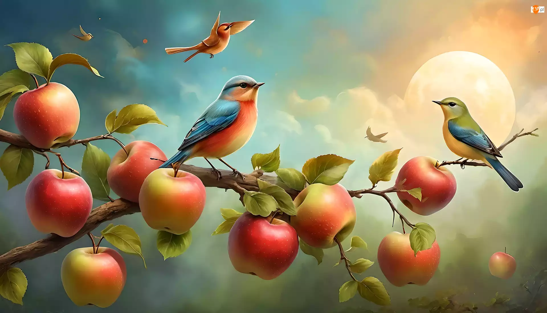 Jabłka, Grafika, Ptaki, Kolorowe, Gałąź
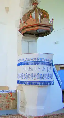 Interiorul bisericii este dotat cu mobilier unitar de lemn pictat. Cele cinci tăblii din zona centrală a parapetului galeriei sunt decorate în stilul familiei de pictori Umling, reprezentând compoziții vegetale cu rodie, ghindă, lalea și alte flori. Parapetul de la strane și primele bănci are tăblii în formă dreptunghiulară, cu colțuri teșite sau dreptunghiuri prelungite cu triunghiuri, care sunt decorate cu motive ornamentale libere, de vrejuri și flori. Dulapul orgii este lucrarea lui Lőrintz Umling tatăl, are suprafața pictată în imitație de marmură, iar la partea superioară se încheie cu un cap înaripat de înger.
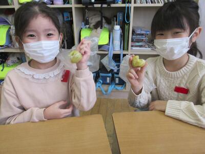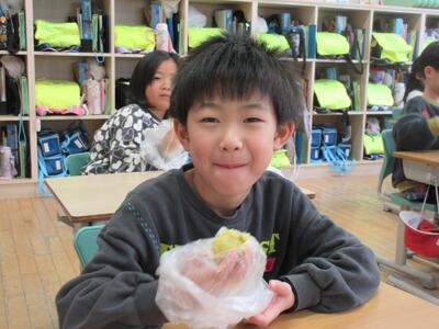 以前収穫したさつまいもで茶巾絞りを作りました。まん丸やハートの形など、自分の好きな形にして、みんなでおいしくいただきました。自分たちで収穫したさつまいもは、甘くてほくほくしていました。家族に食べてもらいたい!というくらい大満足の1年生でした。
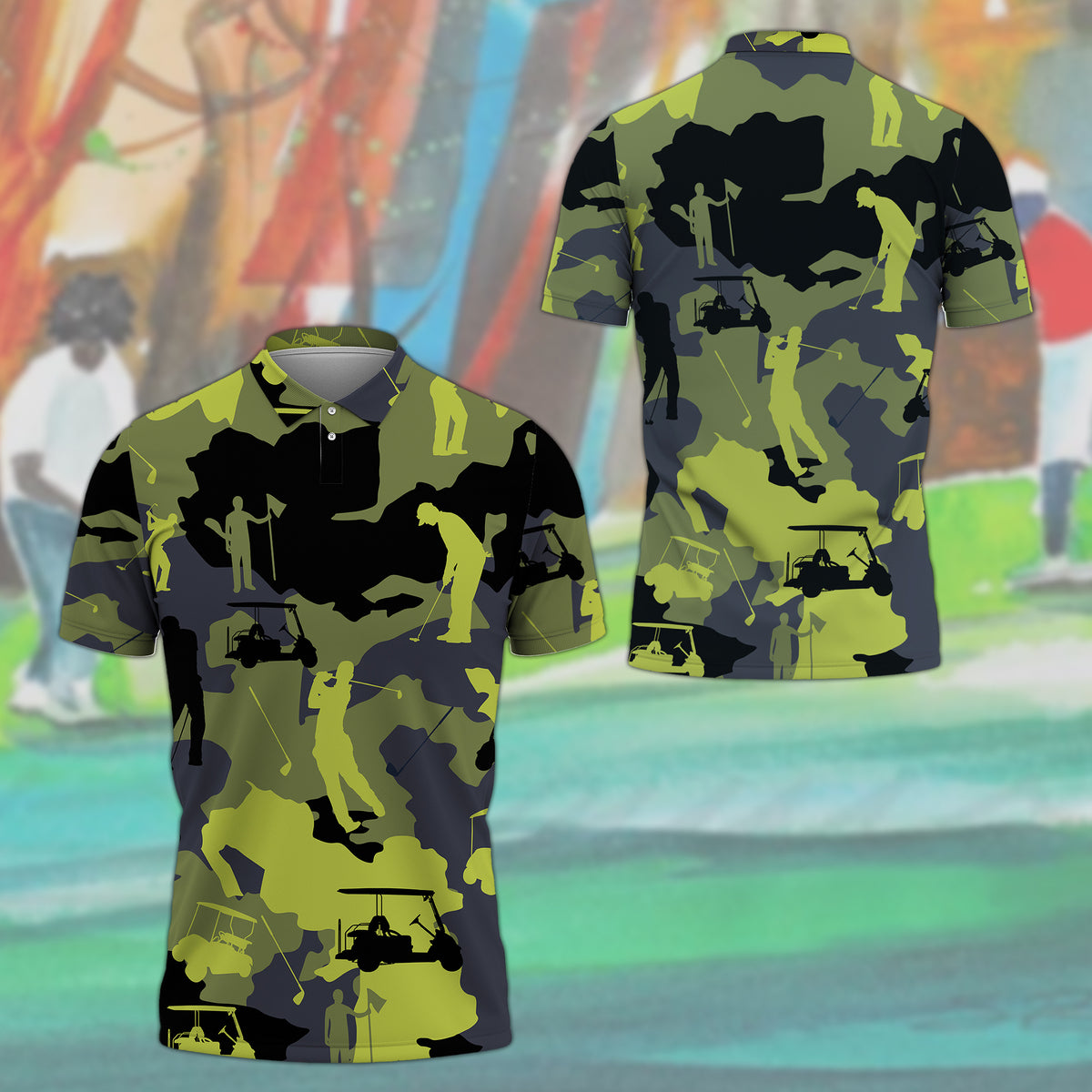 Gearhumans 3D Yellow Camo Golf Custom Polo Shirt

□ □ □ □ □

#### TASK DIRECTIONS:
From the line that contains "以前収穫したさつまいもで茶巾" to the last line of the data, print each line exactly, both ends included, and omit the pictures.

#### ANSWER TO THE PROBLEM:
 以前収穫したさつまいもで茶巾絞りを作りました。まん丸やハートの形など、自分の好きな形にして、みんなでおいしくいただきました。自分たちで収穫したさつまいもは、甘くてほくほくしていました。家族に食べてもらいたい!というくらい大満足の1年生でした。
 Gearhumans 3D Yellow Camo Golf Custom Polo Shirt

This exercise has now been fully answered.